Unexpected Data Read Behavior on Tesla V100: Cache Line and Memory Access Patterns

To observe the specific data read situation of the GPU from DRAM, I have written code using CUDA. This code’s purpose is to read a 1x1 matrix, multiply its element by 2, and then rewrite it to the matrix. Theoretically, the amount of data read by L2 from DRAM should be 4B, but in practice, it reads 224B. Similarly, the data read by L1 from L2 should be 4B, but it reads 32B (see PIC-1).

(Note: The device I am using is the Tesla V100.)

I attempted to find the reasons for this behavior:

  1. The Cache Line for L2 reading data from DRAM is 32B, meaning that reading one sector requires 32B. Thus, for a 1x1 matrix, it should read one sector, which is 32B instead of 224B (7 sectors). The data read by L1 from L2, being 32B, corresponds to this sector size.
  2. To further investigate, I tried a 1x2 matrix and obtained the same result as the 1x1 matrix. The data read by L2 from DRAM remained 224B (7 sectors). The data read by L1 from L2 was 32B, which at least confirms the 32B sector restriction.
  3. For the third attempt, I used a 1x10 matrix. Here, L2 still reads 224B (7 sectors) from DRAM, but L1 reads 64B from L2. This can be attributed to the use of two sectors for reading due to the fact that 10x4 > 32 (see PIC-2).
  4. In the fourth attempt with a 1x20 matrix, L2 read 288B (9 sectors) from DRAM, and L1 read 96B from L2. This is because 20x4 > 64, using 3 sectors (see PIC-3).

My questions are:

  1. Why is the data read by L2 from DRAM 224B (7 sectors) for 1x1 and 1x2 matrices, when theoretically it should be 32B (1 sector)? Also, why does it become 2 sectors for a 1x10 matrix?
  2. Based on my observations, I conducted multiple experiments and found that when the matrix is 1x33, L2 reads 11 sectors from DRAM. Similarly, for a 1x49 matrix, L2 reads 13 sectors. Can I conclude that there’s a base overhead of 5 sectors when accessing memory between L2 and DRAM in this code? Additionally, it seems that after this base overhead, L2 reads data in increments of 2 sectors. When the data access exceeds 64B, the sector count increases by 2.

Where does this base overhead of 5 sectors come from in this code?
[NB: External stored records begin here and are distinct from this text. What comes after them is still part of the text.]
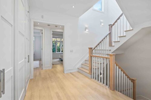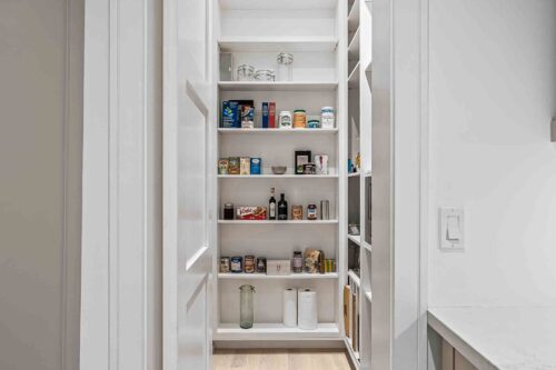 The kitchen holds two walls of customized solid wooden storage, stainless steel appliances and is anchored by a huge centre island with breakfast bar seating for the whole family. A concealed pantry is tucked away with room for a household of groceries. Storage is an ongoing theme in this house, as it was maximized during the design phase of its conception.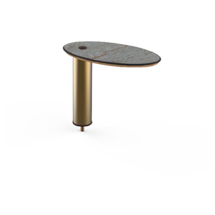The Steelite MGCIAY17GBXX Mogogo Buffet Solutions Modular High Display Shelf 16" X 8" X 12-1/2"H stands out as a meticulously crafted piece, tailored to enhance buffet presentations within the hospitality industry. This display shelf is small, oval-shaped, and measures 16 inches in length, 8 inches in width, and 12-1/2 inches in height, making it an adaptable addition to any buffet setup. The top surface features a grey slate BHP high-pressure laminate, reinforced by a durable bamboo core, which ensures longevity and aesthetic appeal. The shelf is accentuated with a brushed brass segment, adding a touch of elegance and sophistication, appealing to upscale dining settings and professional caterers. This product is typically packed individually, allowing for easy transportation and assembly. Its modular nature allows for flexibility in design and layout, catering to various market segments such as hotels, event venues, and catering companies looking for both functionality and style. The Steelite Mogogo Buffet Solutions Modular High Display Shelf offers a premium choice for showcasing culinary creations, emphasizing both quality and design innovation, making it a valuable asset for enhancing the visual appeal of dining environments.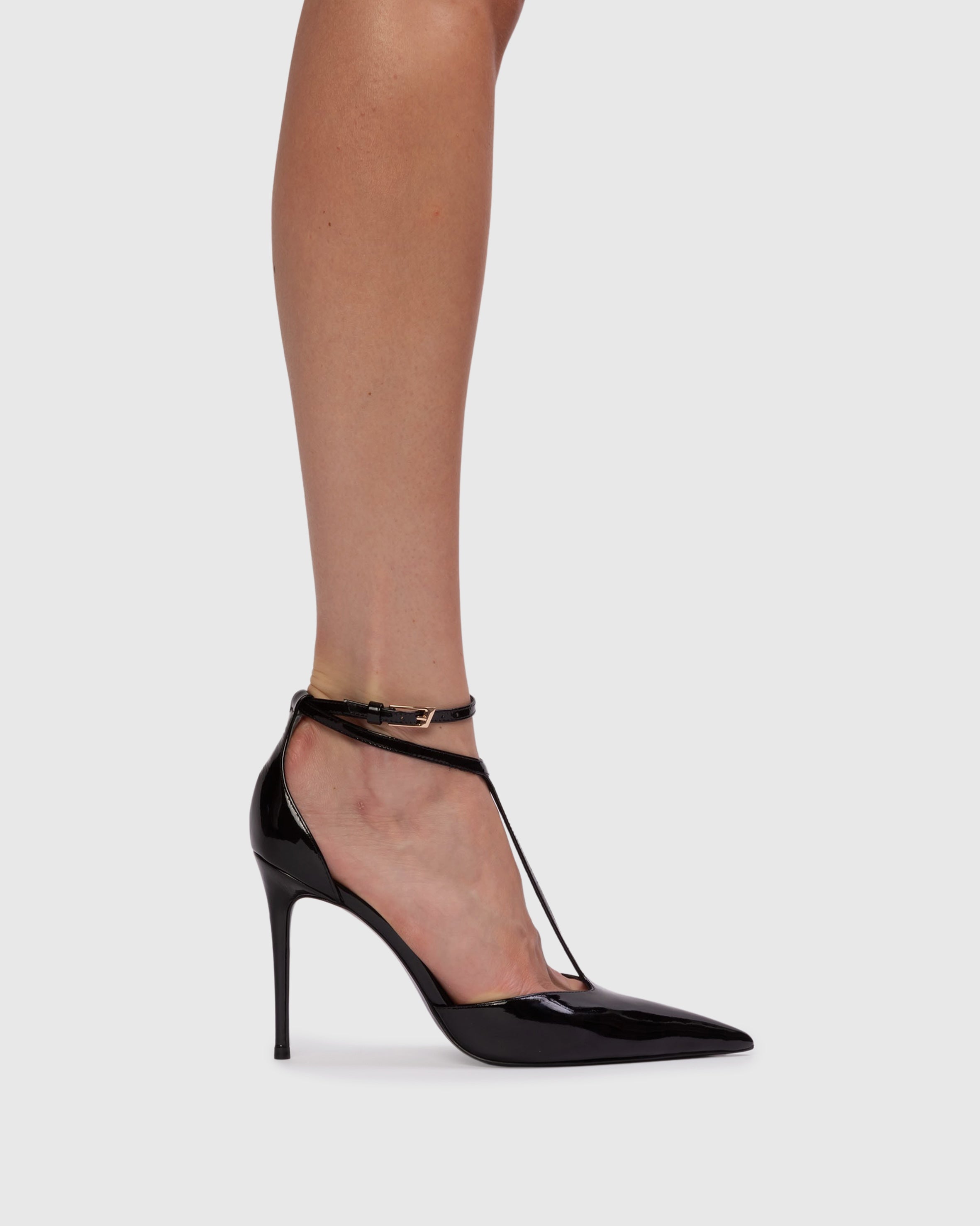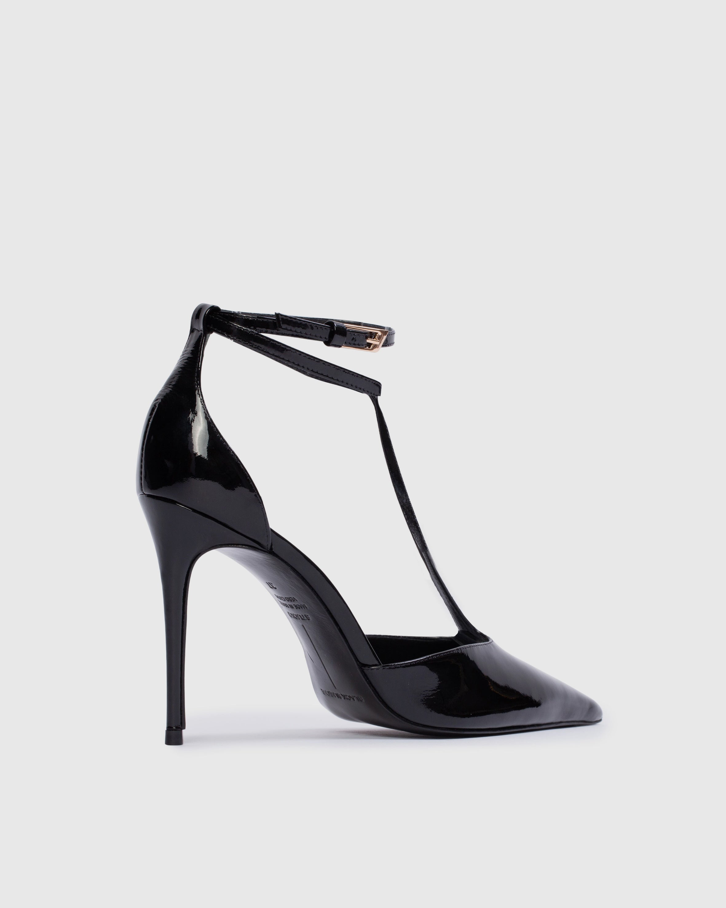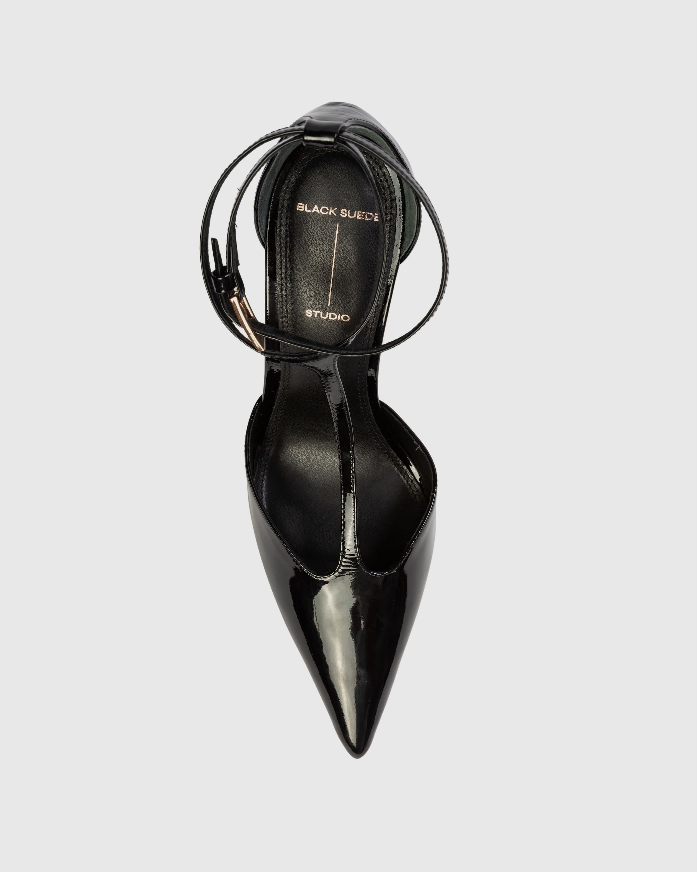 pointy toe t-strap pump, set on a pin stiletto heel. Made with smooth patent leather.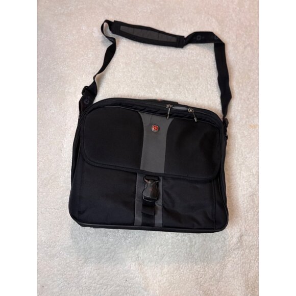 Swissgear Black Laptop Messenger Bag With Adjustable Strap & Multiple Pockets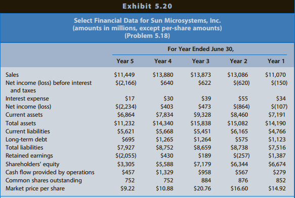 Exhibit 5.20 Select Financial Data for Sun Microsystems, Inc. (amounts in millions, except per-share amounts) (Problem 5.18) For Year Ended June 30, Year 5 Year 4 Year 3 Year 2 Year 1 Sales $11,449 $(2,166) $13,880 $13,873 $13,086 $(620) $11,070 $(150) Net income (loss) before interest $640 $622 and taxes Interest expense $17 $30 $39 $55 $34 Net income (loss) $(2,234) $403 $473 $(864) $(107) Current assets $6,864 $7,834 $9,328 $8,460 $7,191 $15,838 $5,451 Total assets $11,232 $14,340 $15,082 $14,190 Current liabilities $5,621 $5,668 $1,265 $8,752 $6,165 $4,766 Long-term debt Total liabilities $695 $1,264 $575 $1,123 $7,927 $(2,055) $8,659 $8,738 $7,516 Retained earnings Shareholders' equity Cash flow provided by operations Common shares outstanding Market price per share $430 $189 $(257) $1,387 $3,305 $5,588 $1,329 $7,179 $6,344 $6,674 $457 $958 $567 $279 752 752 884 876 852 $9.22 $10.88 $20.76 $16.60 $14.92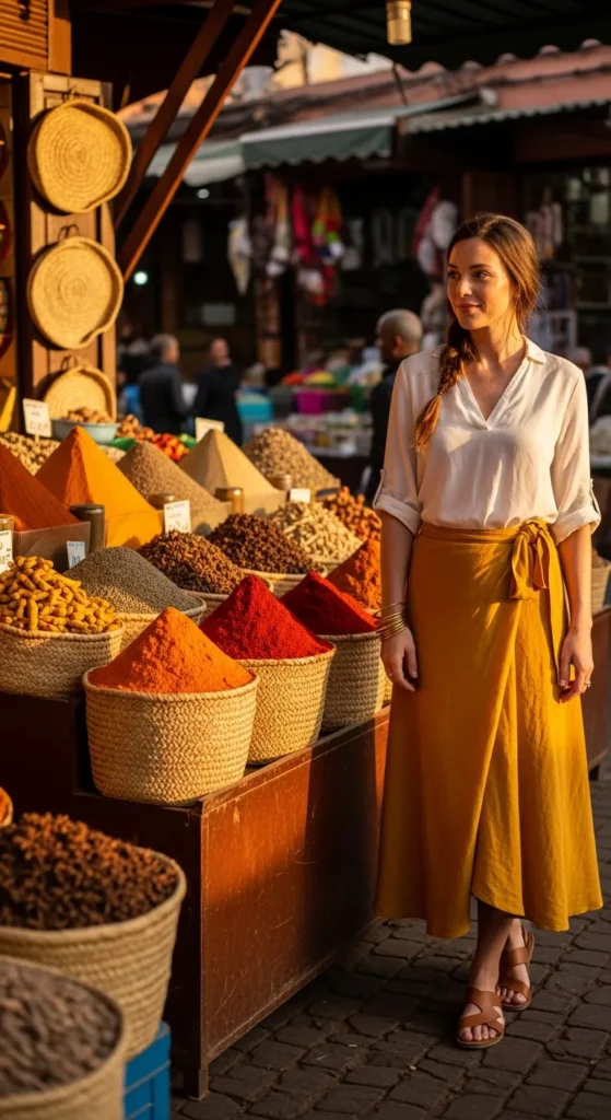 A saffron midi wrap skirt paired with a soft ivory tucked-in blouse feels playful yet refined. The warm hue mirrors the spices stacked high in the market stalls.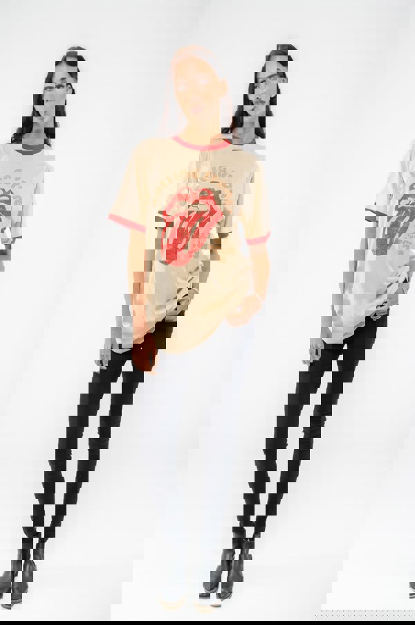 An official licensed The Rolling Stones Unisex Ringer T-Shirt featuring the 'US Tour '78' design motif. This high quality Ringer T-Shirt is available in a natural & orange colourway. High quality classic fit soft-style cotton tee with short sleeves and crew neck. Features front printing and contrast colours to neck and sleeve edging which adds a subtle but eye catching look. Comes in a wide range of sizes from Small through XX-Large, subject to availability.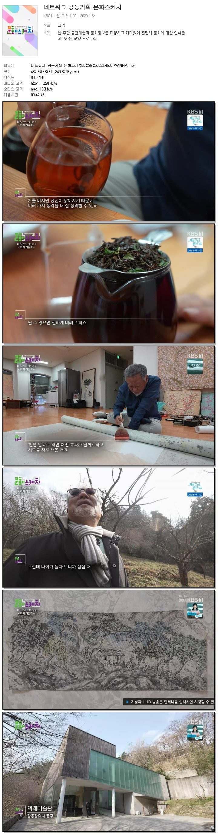 | [KBS1] 네트워크 공동기획 문화스케치.E296.260323.450p.WANNA.mp4 | 487.6 M | 00:47:43 | 800x450 |
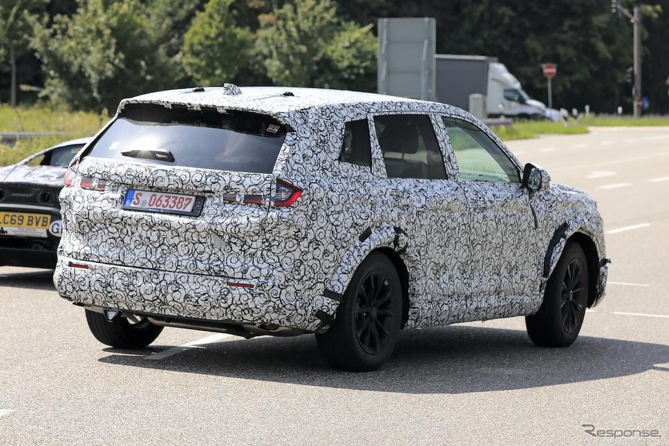 またフラットで長く幅広いフード、目立つリアショルダー、より大きく傾斜したリアウィンドウが見てとれるほか、サイドミラーがAピラーからドアへ移動されているのも見てとれる。さらに後部ではフック型LEDテールライトが初めて露出、スリムでスポーティな印象を与えている。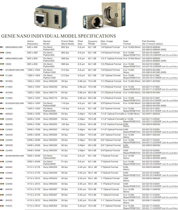 Teledyne DALSA公司推出的Genie Nano系列面阵相机是极具性价比的GigE Vision接口CMOS面阵相机,基于多款业界领先的CMOS传感器 (如Sony Pregius系列和On-Semi Python系列),并加入了专有的相机技术,能够突破千兆网的传输速度限制,采用极为坚固的外壳,能适应更宽的工作温度范围,同时集多种功能于一身。 Genie Nano相机结合了标准千兆网技术 (符合GigE Vision 1.2协议),采用Teledyne DALSA的Trigger-to-Image-Reliability框架来进行可靠的采集和传输图像到主机中。Genie Nano系列相机提供多种型号可选,涵盖多种图像分辨率、传感器、性能,以及黑白、黑白NIR和彩色版本。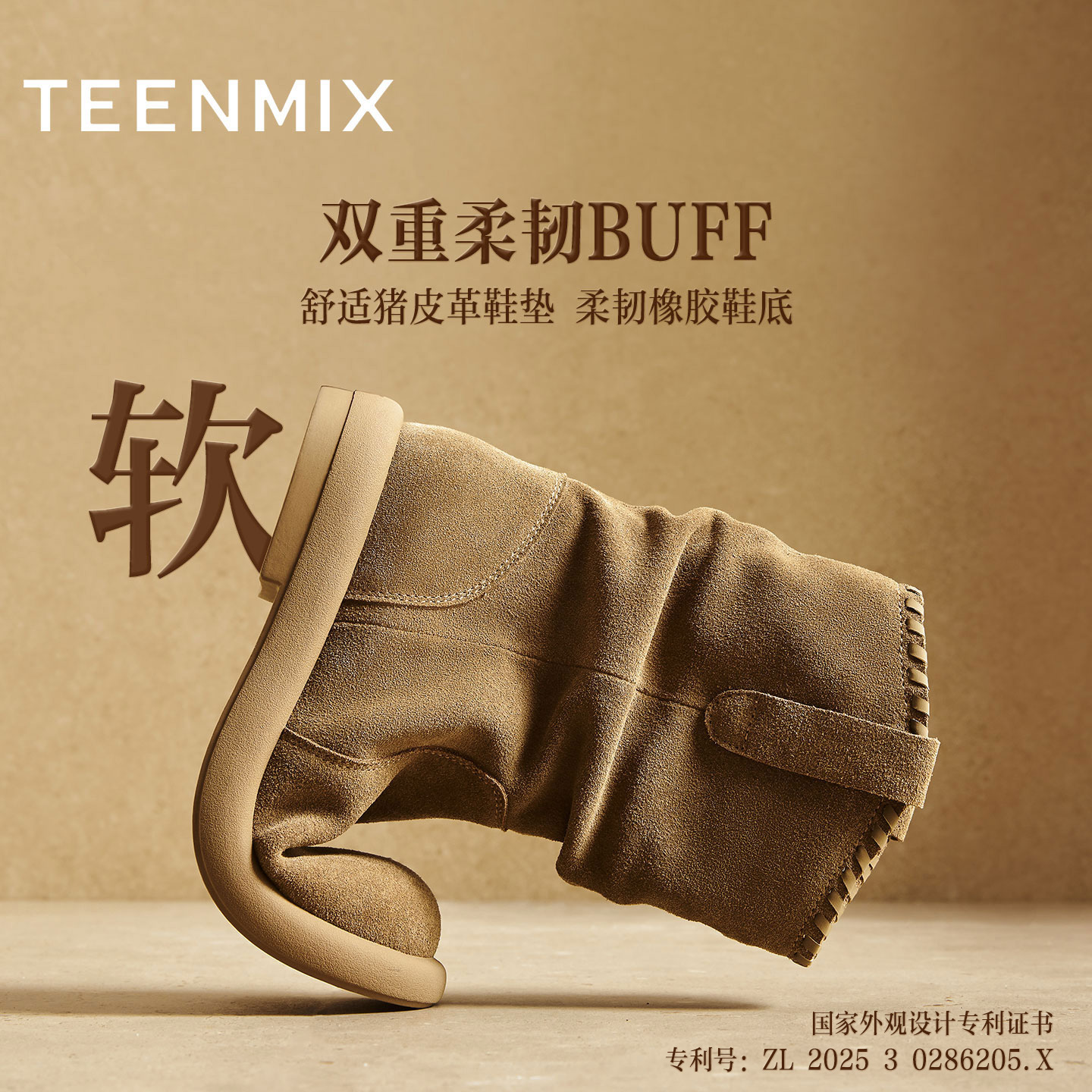 天美意复古黄金V西部靴堆堆靴加绒短靴女鞋子软底时装靴2025新款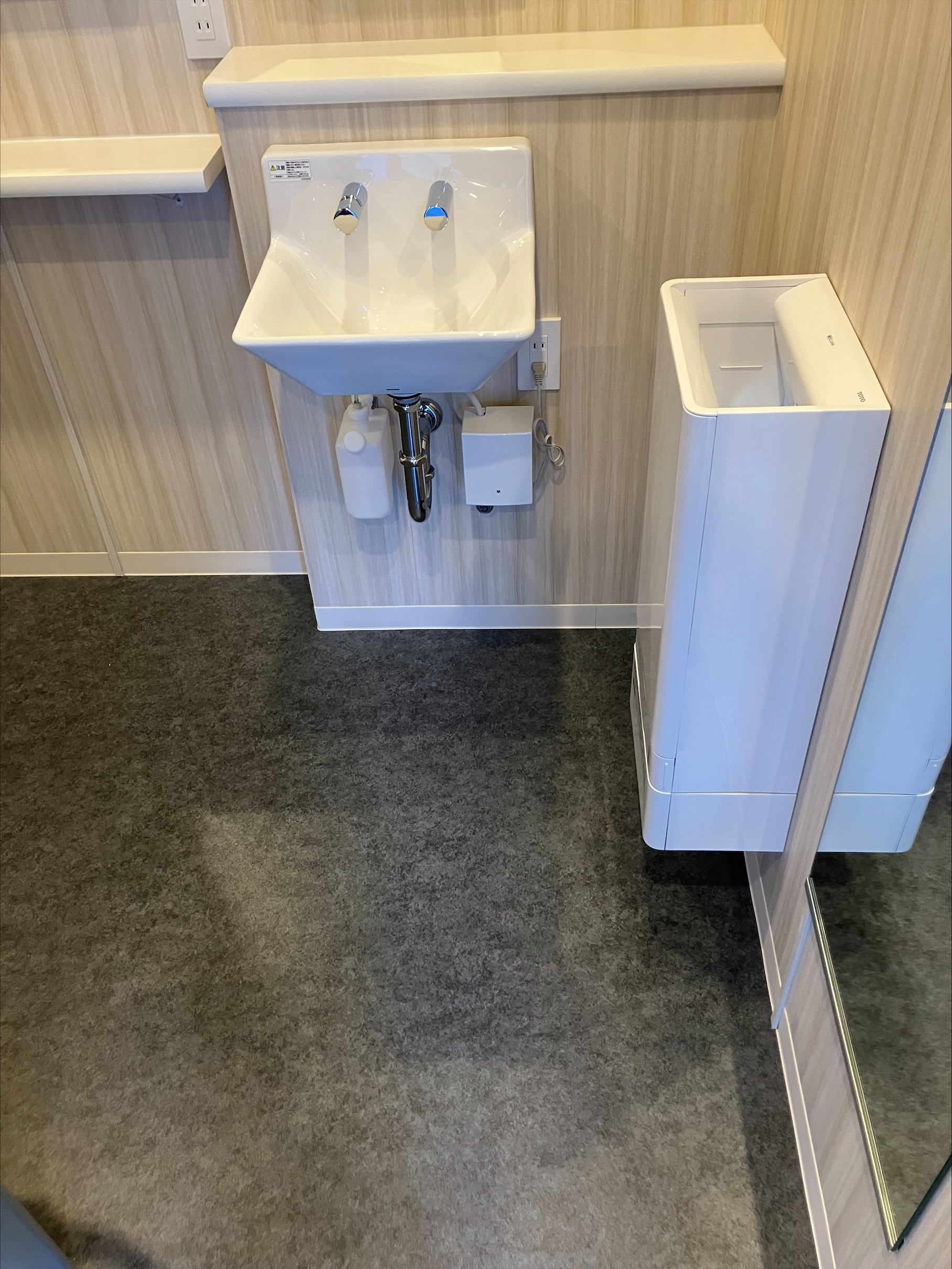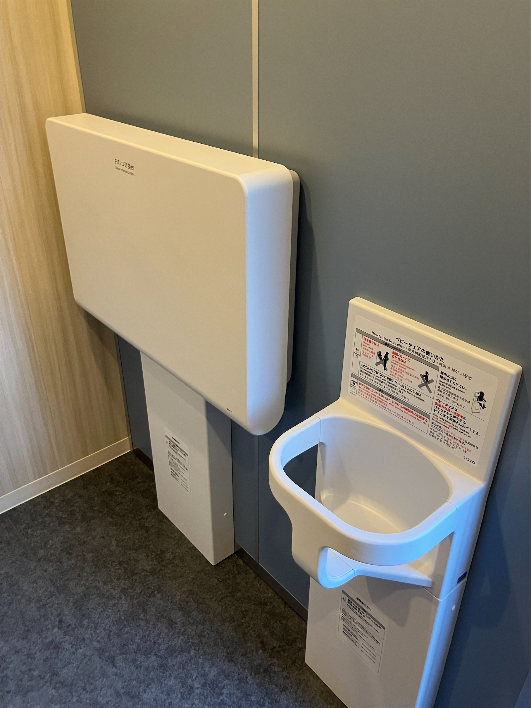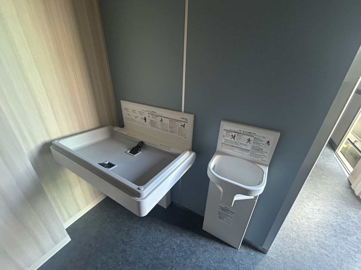 ベビーチェアとおむつ交換台も備え、機能性を兼ね備えたトイレです。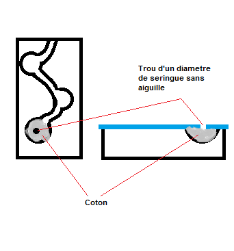 <t>Dans les nids en BC horizontal, on a une plaque de BC dans laquelle on a creusé des salles et des galeries, avec une plaque de plexi par dessus.<br/> <br/> Et bien j'avais l'idée de remplir une de ses salles avec du coton, et dans la plaque de plexi, faire un petit trou pour ré-humidifier le coto...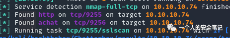9256/tcp open achat syn-ack ttl 127 AChat chat system这里我使用的是 nmapAutomator 工具,它的主要用途是通过 bash 脚本将常用的 Nmap 扫描命令进行补全。很快看到两个端口 9255、9256,使用搜索引擎对端口信息进行了解。

The memory subsystem of the GPU operates at sector granularity (32B). So you won’t see data moving around at a smaller granularity than that. Also other things like kernel code, kernel parameters, etc… need to come from device memory so you can see additional traffic there. Also if the GPU is used for display, traffic for DRAM reads can be higher. Any of those things could cause more data to come from Device Memory. I don’t think you can make a conclusion about a “5 sector overhead”.